El ex presidente Ernesto Zedillo expidió el decreto que estableció el horario de verano hace 23 años. En 2001, a partir de una consulta que realizó en Ciudad de México, el entonces jefe de gobierno, Andrés Manuel López Obrador, determinó que la urbe quedaba al margen de la medida; emitió un decreto y presentó un recurso de controversia constitucional ante la Corte. El entonces presidente de la República, Vicente Fox, emitió un decreto para que la capital no se excluyera de la modificación del reloj.

El máximo tribunal resolvió que ninguno de los dos tenía facultad para cambiar el horario y que, de acuerdo con la Constitución, le correspondía al Congreso de la Unión dirimir el asunto. Fue cuando el Legislativo expidió la Ley del Sistema Horario.

Ahora, el diputado de Morena Carlos Castillo Pérez impulsa en el Congreso de Ciudad de México cambiar esa normativa.

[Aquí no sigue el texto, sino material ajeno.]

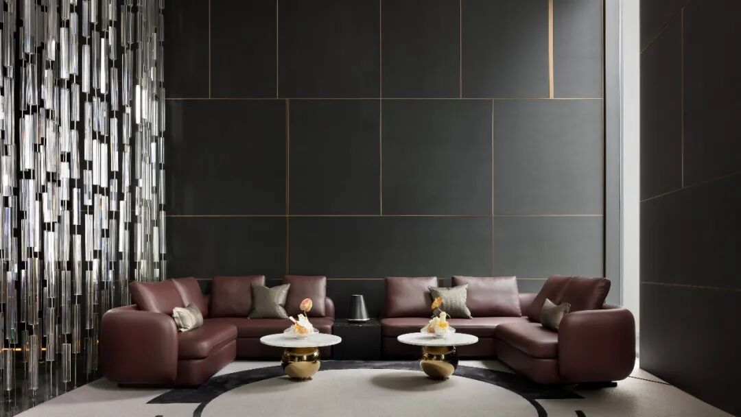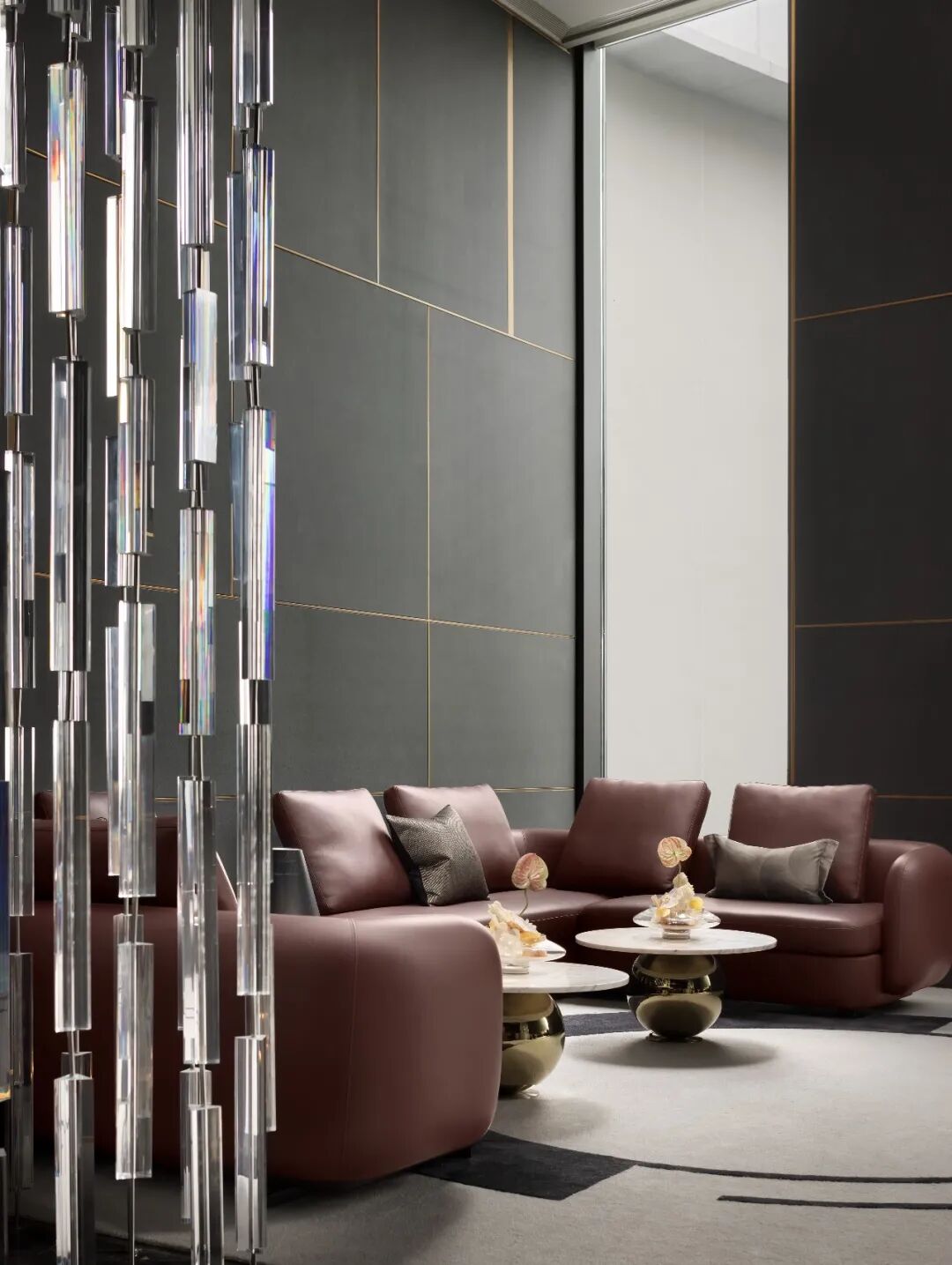 柔软的圆角皮质沙发与圆形茶几,给人轻松休闲的感觉,墨色的墙面与枣红色沙发,色调沉稳,在与浅色地毯对比中调和出别样的空间质感,彰显空间的优雅奢华。

Uno de los objetivos que Zedillo argumentó en el decreto para establecer la medida fue que con ello se reduciría la demanda de energía eléctrica, así como el consumo de los combustibles utilizados para su generación y así bajaría la emisión de contaminantes.

De acuerdo con reportes del Fideicomiso para el Ahorro de Energía Eléctrica, con la participación de la Comisión Federal de Electricidad y del Instituto Nacional de Electricidad y Energías Limpias, el horario de verano en 2017 generó un ahorro de mil 311 millones de pesos, equivalente al consumo eléctrico anual de 589 mil casas habitación o al consumo de electricidad de Tlaxcala y se podrían obtener mejores resultados con otras medidas, consideró Daniel Chacón, experto de la Iniciativa Climática de México. Aludió que Arizona y Hawai, en Estados Unidos, tampoco modifican el horario.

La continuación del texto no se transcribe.